══ Data to process ══
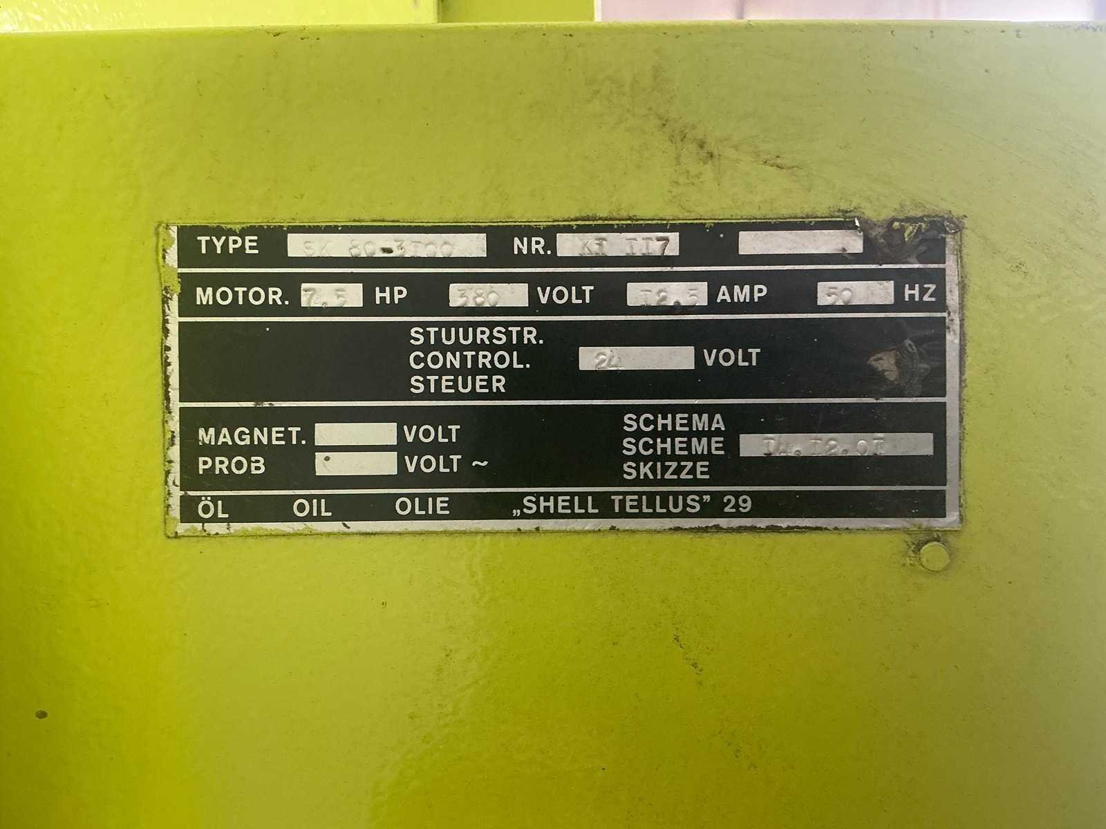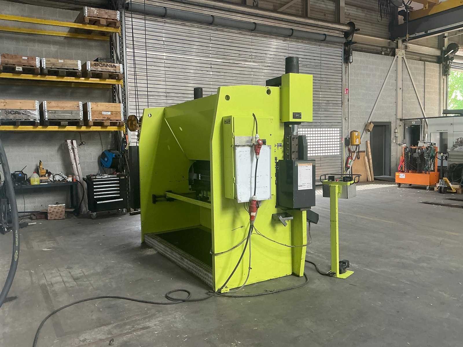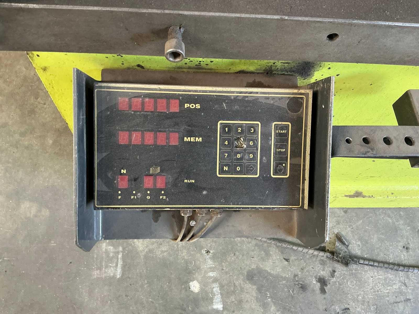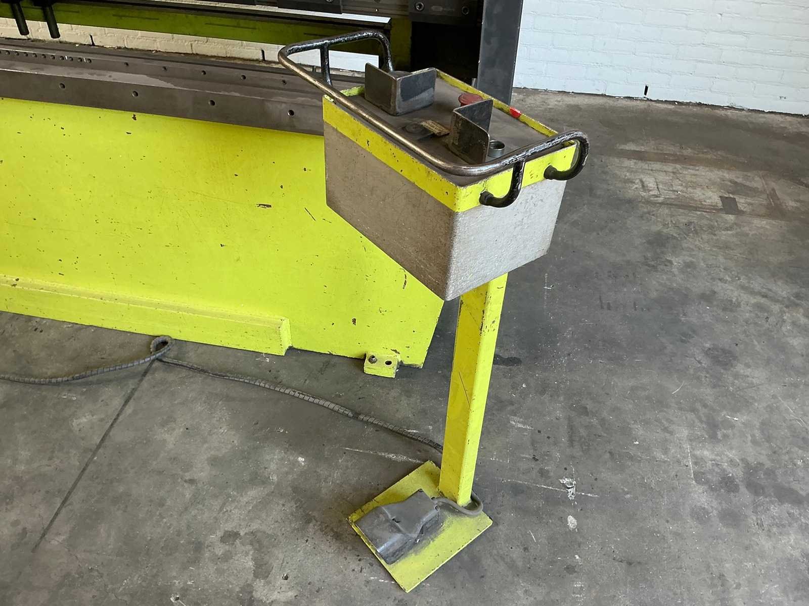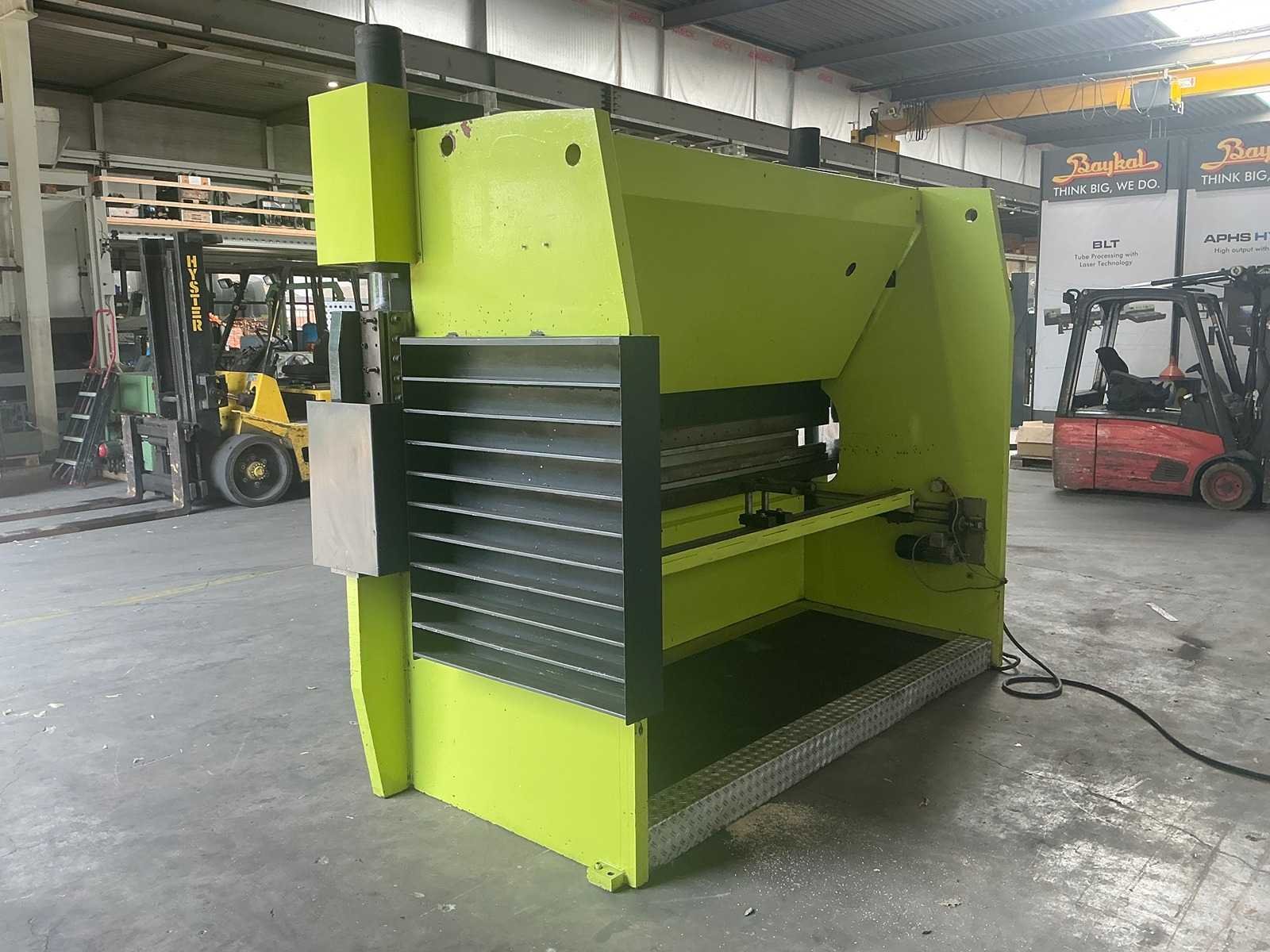 Conventionele kantbank met elektrisch instelbare achteraanslag met bedienunit. Machine is tevens instelbaar in hoogte; gaat constant automatisch omhoog. Hij is wel functioneel. Inclusief bovenmessen en ondermatrijs, zoals afgebeeld. No Merk: Safan Type: SK80-3100 Capaciteit.: 80t Werklengte: 3100mm Aantal assen: 3 Voetbediening: true Motorvermogen (kW): 5,5kW Aansluiting: 400V Machinegewicht: 6000kg Afmeting l: 3300mm Afmeting b: 1550mm Afmeting h: 2680mm
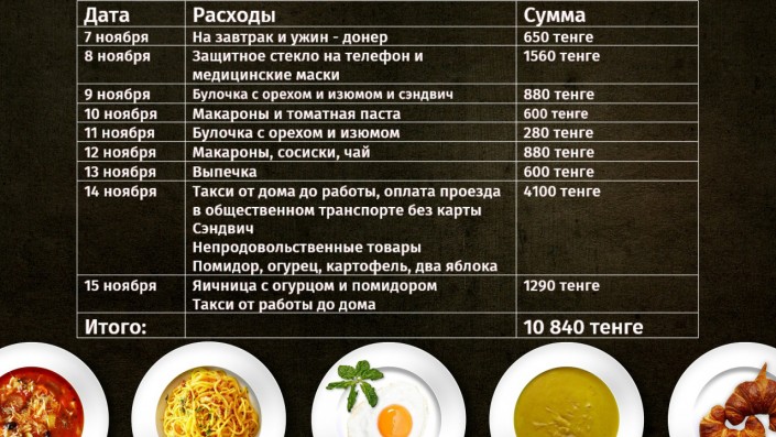 15 ноября я снова проспала и потратила на такси еще 730 тенге. Обедала завтраком - яичницей, колбасой, огурцом и помидором - 560 тенге. Общий итог - 10 840 тенге за восемь дней. А это в среднем по 1355 тенге, что на 508 тенге больше выделенного.
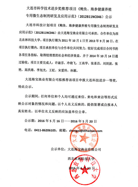 根据相关文件精神,现对大连市科学技术进步奖推荐项目《鲍鱼、海参健康养殖专用微生态制剂研发及应用示范》(2012B11NC46)予以公示,公示期5月20日-5月23日。
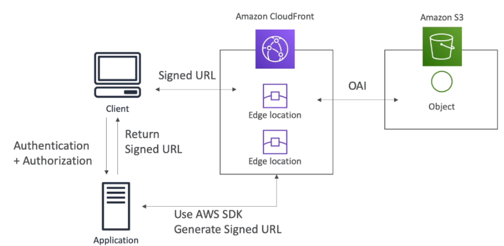 3. Client 는 Signed URL 을 통해 CloudFront -> S3 Object 에 접근
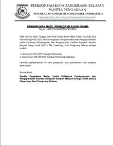 TANGSEL,PERSADASATU.COM-Pemerintah Kota (Pemkot) Tangerang Selatan (Tangsel) resmi menetapkan Konsorsium IEH-CNTY sebagai pemenang lelang proyek Pembangunan dan Pengoperasian Fasilitas Pengolah Sampah Menjadi Energi Listrik (PSEL) di Tempat Pembuangan Akhir (TPA)Cipeucang.
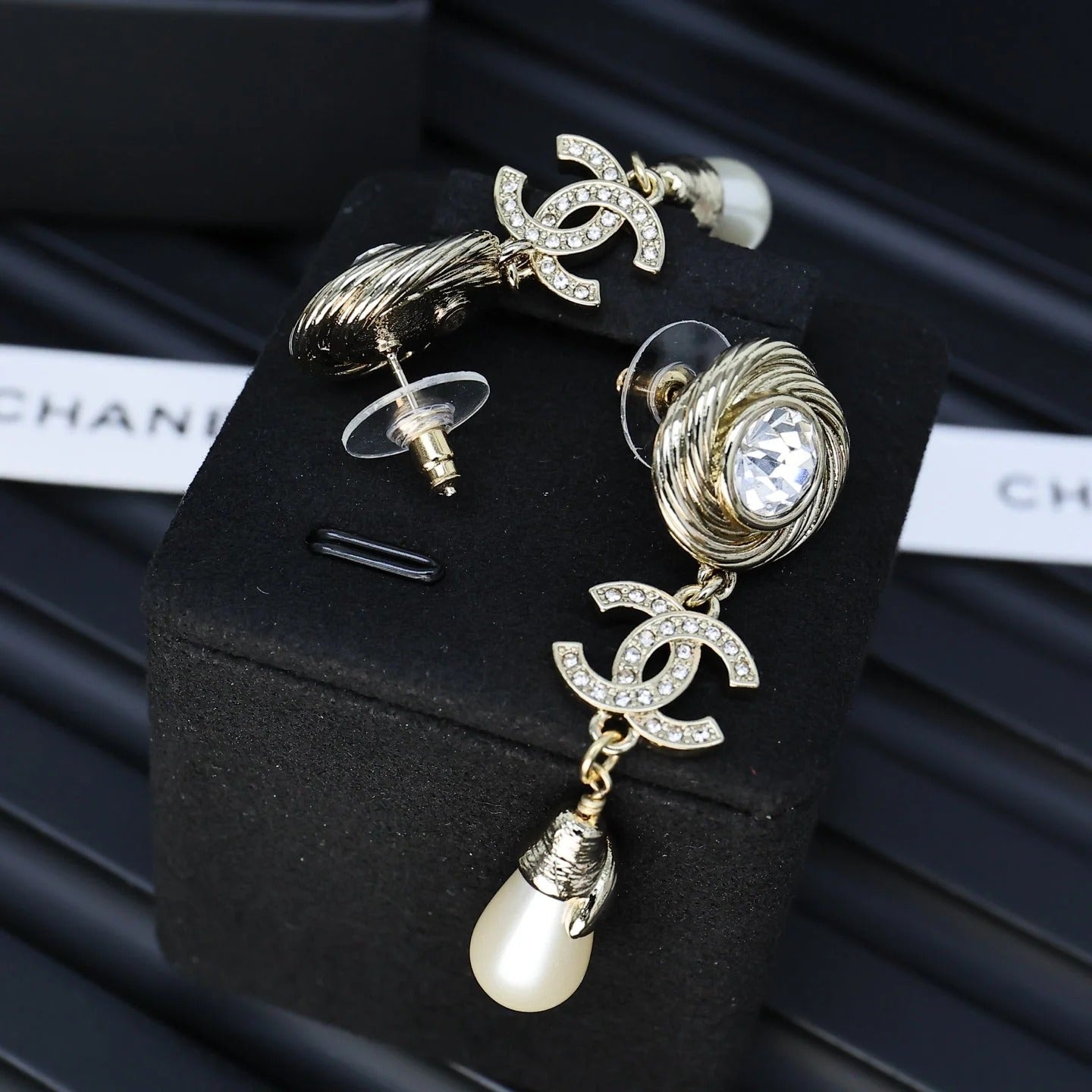 PENDANT EARRINGS IN GOLD METAL WHITE CRYSTAL TWISTED RIBBED DOUBLE C
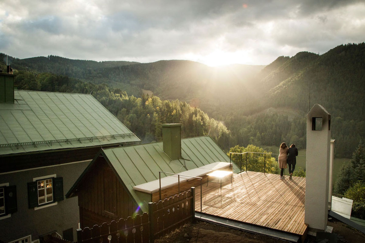 Das Jugendstil-Juwel liegt inmitten von Hügeln und Wäldern auf mehr als 1.000 Höhenmetern – an der Grenze von Niederösterreich und der Steiermark – nur einen Steinwurf vom Kurort Semmering entfernt. Wandern, Biken oder eine nostalgische Fahrt mit der Semmeringbahn über den Schwarza-Viadukt – hier oben, liegen einem alle Wege zu Füßen.
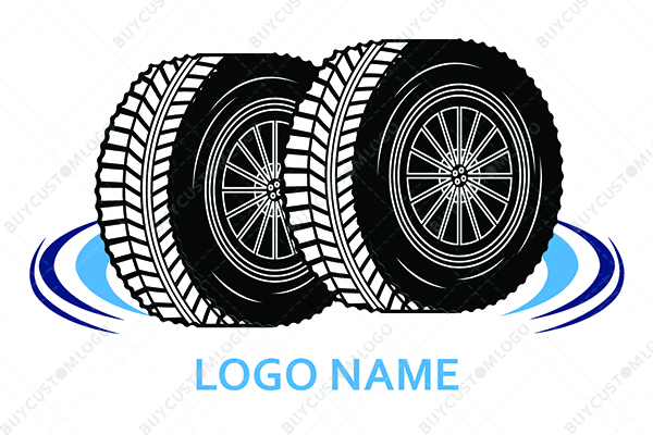 LOGO DESIGN DESCRIPTION Custom logo created using the emblems of thick black and white tires which will ensure a bold impression and the circular lines around it will help divert the focus of your target audience on the design. It will communicate strength and determination for your brand. Suitable for tire shops as well as automobile dealerships.
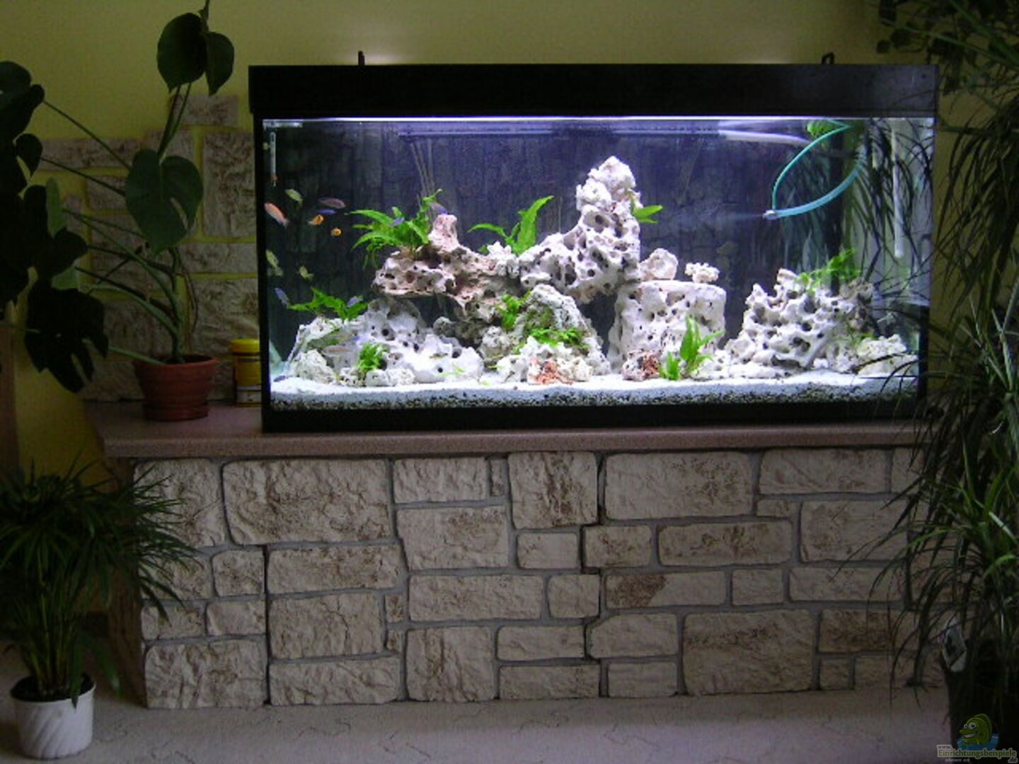 Der Unterbau des Auqriums besteht aus einem Stahlgerüst, was von mir mit Verblendsteinen verkleidet wurde. Die Frontteile können herausgenommen werden, so dass der Stauraum unter dem Becken genutzt werden kann.Der Lampenkasten und die Rückwand wurden auch selbst gebaut.
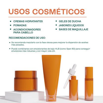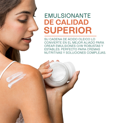 Permite la formulación de lociones corporales y cremas fluidas con una sensación agradable, no pesada. Actúa como el puente perfecto entre aceites vegetales y agua, proporcionando emulsiones homogéneas y duraderas con un tacto suave y fácil de extender.
═══
**Exercise objective**.
Output each record exactly as it appears, but not the pictures.

**Written solution**.
 Conventionele kantbank met elektrisch instelbare achteraanslag met bedienunit. Machine is tevens instelbaar in hoogte; gaat constant automatisch omhoog. Hij is wel functioneel. Inclusief bovenmessen en ondermatrijs, zoals afgebeeld. No Merk: Safan Type: SK80-3100 Capaciteit.: 80t Werklengte: 3100mm Aantal assen: 3 Voetbediening: true Motorvermogen (kW): 5,5kW Aansluiting: 400V Machinegewicht: 6000kg Afmeting l: 3300mm Afmeting b: 1550mm Afmeting h: 2680mm
 15 ноября я снова проспала и потратила на такси еще 730 тенге. Обедала завтраком - яичницей, колбасой, огурцом и помидором - 560 тенге. Общий итог - 10 840 тенге за восемь дней. А это в среднем по 1355 тенге, что на 508 тенге больше выделенного.
 根据相关文件精神,现对大连市科学技术进步奖推荐项目《鲍鱼、海参健康养殖专用微生态制剂研发及应用示范》(2012B11NC46)予以公示,公示期5月20日-5月23日。
 3. Client 는 Signed URL 을 통해 CloudFront -> S3 Object 에 접근
 TANGSEL,PERSADASATU.COM-Pemerintah Kota (Pemkot) Tangerang Selatan (Tangsel) resmi menetapkan Konsorsium IEH-CNTY sebagai pemenang lelang proyek Pembangunan dan Pengoperasian Fasilitas Pengolah Sampah Menjadi Energi Listrik (PSEL) di Tempat Pembuangan Akhir (TPA)Cipeucang.
 PENDANT EARRINGS IN GOLD METAL WHITE CRYSTAL TWISTED RIBBED DOUBLE C
 Das Jugendstil-Juwel liegt inmitten von Hügeln und Wäldern auf mehr als 1.000 Höhenmetern – an der Grenze von Niederösterreich und der Steiermark – nur einen Steinwurf vom Kurort Semmering entfernt. Wandern, Biken oder eine nostalgische Fahrt mit der Semmeringbahn über den Schwarza-Viadukt – hier oben, liegen einem alle Wege zu Füßen.
 LOGO DESIGN DESCRIPTION Custom logo created using the emblems of thick black and white tires which will ensure a bold impression and the circular lines around it will help divert the focus of your target audience on the design. It will communicate strength and determination for your brand. Suitable for tire shops as well as automobile dealerships.
 Der Unterbau des Auqriums besteht aus einem Stahlgerüst, was von mir mit Verblendsteinen verkleidet wurde. Die Frontteile können herausgenommen werden, so dass der Stauraum unter dem Becken genutzt werden kann.Der Lampenkasten und die Rückwand wurden auch selbst gebaut.
 Permite la formulación de lociones corporales y cremas fluidas con una sensación agradable, no pesada. Actúa como el puente perfecto entre aceites vegetales y agua, proporcionando emulsiones homogéneas y duraderas con un tacto suave y fácil de extender.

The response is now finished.